▶ _Work request_
Copy out, unchanged, the entries below from the "Винтидж стенна закачалка" line to the final line. Omit pictures.

▶ _Stored dataset items_
··········

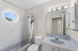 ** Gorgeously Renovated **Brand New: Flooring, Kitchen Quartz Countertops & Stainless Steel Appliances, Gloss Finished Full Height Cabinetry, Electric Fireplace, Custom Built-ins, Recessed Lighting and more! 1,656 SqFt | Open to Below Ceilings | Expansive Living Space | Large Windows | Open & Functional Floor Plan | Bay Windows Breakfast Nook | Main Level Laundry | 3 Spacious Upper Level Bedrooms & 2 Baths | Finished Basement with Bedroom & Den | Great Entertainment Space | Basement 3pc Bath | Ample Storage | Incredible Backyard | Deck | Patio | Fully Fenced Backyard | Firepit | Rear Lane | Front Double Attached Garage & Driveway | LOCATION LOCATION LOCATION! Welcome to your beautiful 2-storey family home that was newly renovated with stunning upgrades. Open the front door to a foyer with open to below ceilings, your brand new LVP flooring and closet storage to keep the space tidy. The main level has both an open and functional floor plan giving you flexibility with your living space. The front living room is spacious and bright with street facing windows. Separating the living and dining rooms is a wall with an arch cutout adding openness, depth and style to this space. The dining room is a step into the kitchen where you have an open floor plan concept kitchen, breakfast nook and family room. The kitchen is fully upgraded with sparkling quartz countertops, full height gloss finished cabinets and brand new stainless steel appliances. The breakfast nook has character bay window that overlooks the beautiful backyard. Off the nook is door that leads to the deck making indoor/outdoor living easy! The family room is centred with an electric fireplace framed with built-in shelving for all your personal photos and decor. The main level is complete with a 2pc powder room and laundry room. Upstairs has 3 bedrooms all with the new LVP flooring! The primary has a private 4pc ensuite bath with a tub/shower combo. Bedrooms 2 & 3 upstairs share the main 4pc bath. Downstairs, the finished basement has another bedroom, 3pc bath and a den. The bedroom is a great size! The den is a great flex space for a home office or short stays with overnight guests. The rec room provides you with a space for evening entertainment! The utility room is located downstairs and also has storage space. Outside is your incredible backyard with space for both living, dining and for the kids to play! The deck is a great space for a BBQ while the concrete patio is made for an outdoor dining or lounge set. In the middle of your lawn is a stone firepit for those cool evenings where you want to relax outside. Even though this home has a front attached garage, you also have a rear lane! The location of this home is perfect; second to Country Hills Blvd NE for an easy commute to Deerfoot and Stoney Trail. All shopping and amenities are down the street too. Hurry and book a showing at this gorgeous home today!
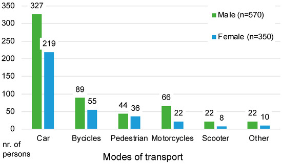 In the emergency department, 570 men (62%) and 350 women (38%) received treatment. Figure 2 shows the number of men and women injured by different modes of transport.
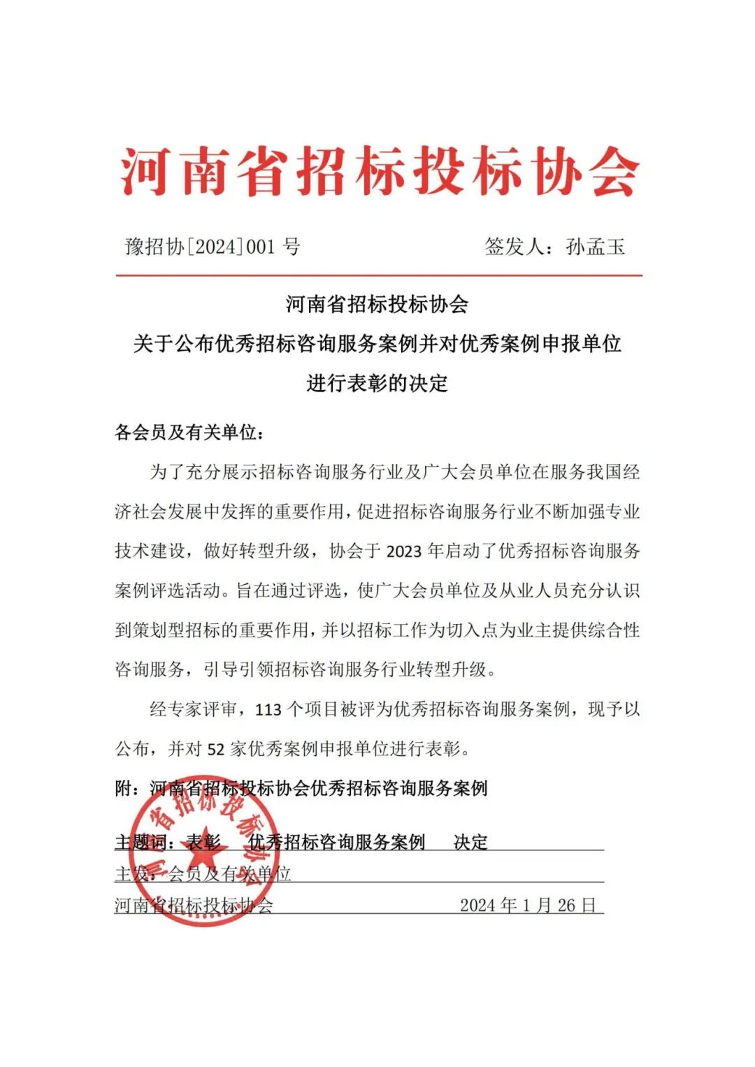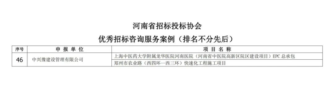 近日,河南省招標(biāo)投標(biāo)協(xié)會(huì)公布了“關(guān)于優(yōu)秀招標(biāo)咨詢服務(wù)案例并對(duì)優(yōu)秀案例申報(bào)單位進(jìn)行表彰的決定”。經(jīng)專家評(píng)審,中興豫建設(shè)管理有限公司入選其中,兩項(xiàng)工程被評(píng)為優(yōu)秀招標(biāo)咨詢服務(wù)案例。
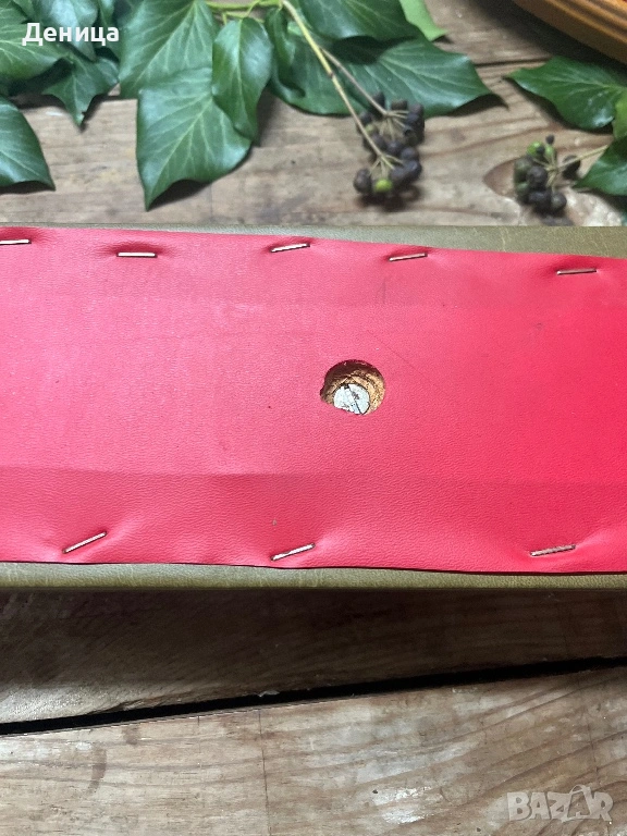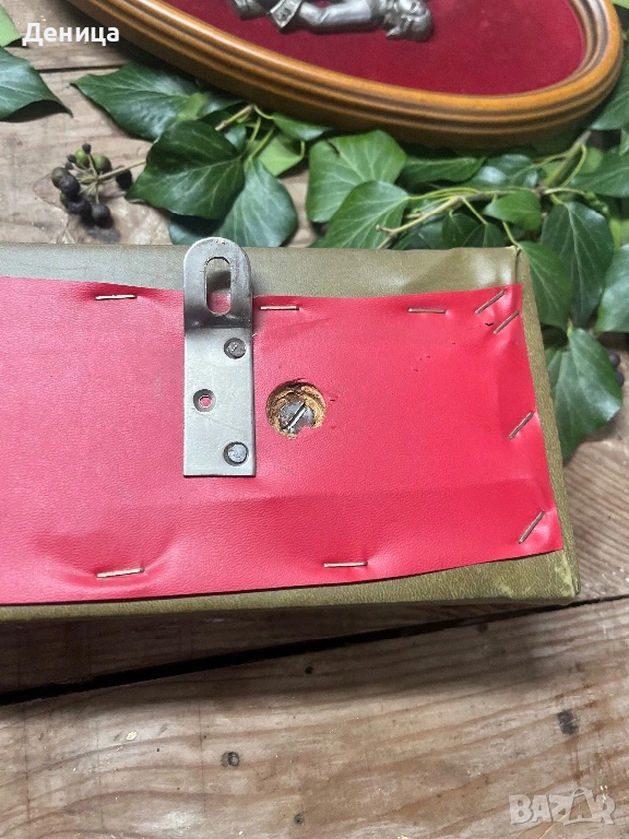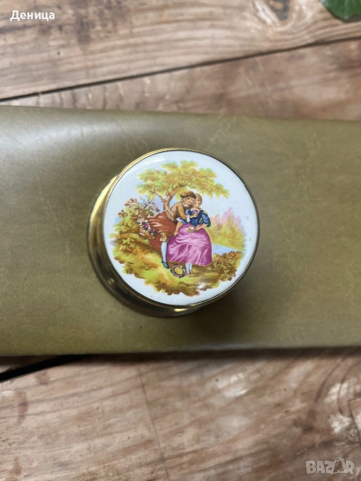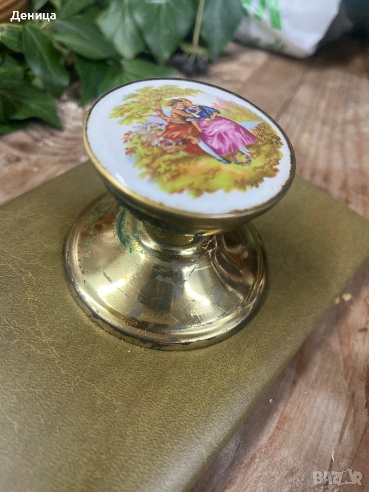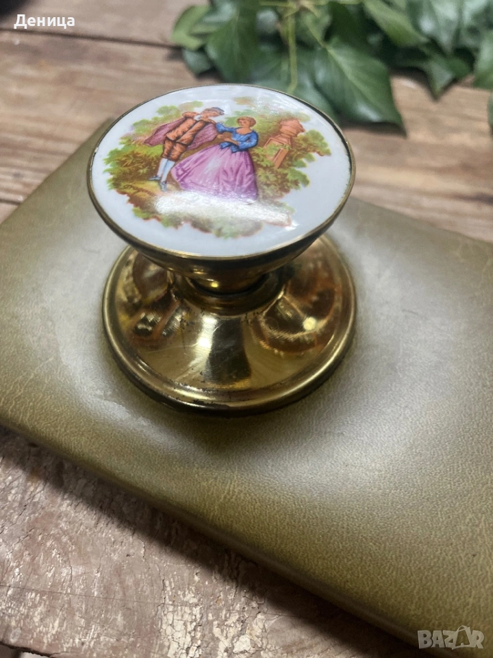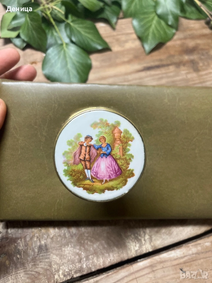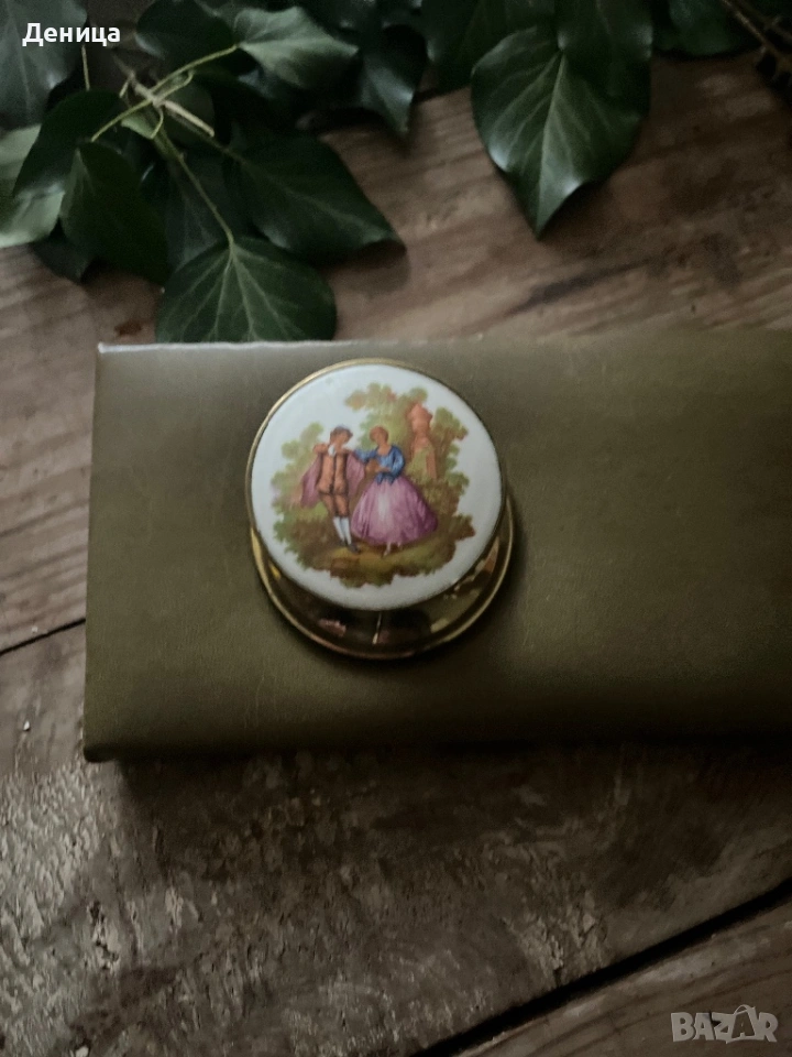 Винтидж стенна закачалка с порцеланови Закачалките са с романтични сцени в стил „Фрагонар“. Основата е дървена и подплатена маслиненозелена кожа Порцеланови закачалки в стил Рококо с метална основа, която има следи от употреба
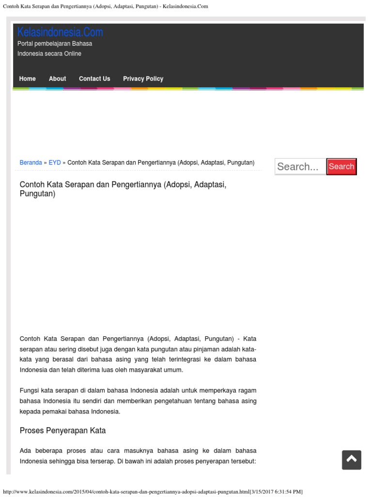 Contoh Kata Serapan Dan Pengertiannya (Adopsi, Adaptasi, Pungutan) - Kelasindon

··········

▶ _Finished exercise_
 Винтидж стенна закачалка с порцеланови Закачалките са с романтични сцени в стил „Фрагонар“. Основата е дървена и подплатена маслиненозелена кожа Порцеланови закачалки в стил Рококо с метална основа, която има следи от употреба
 Contoh Kata Serapan Dan Pengertiannya (Adopsi, Adaptasi, Pungutan) - Kelasindon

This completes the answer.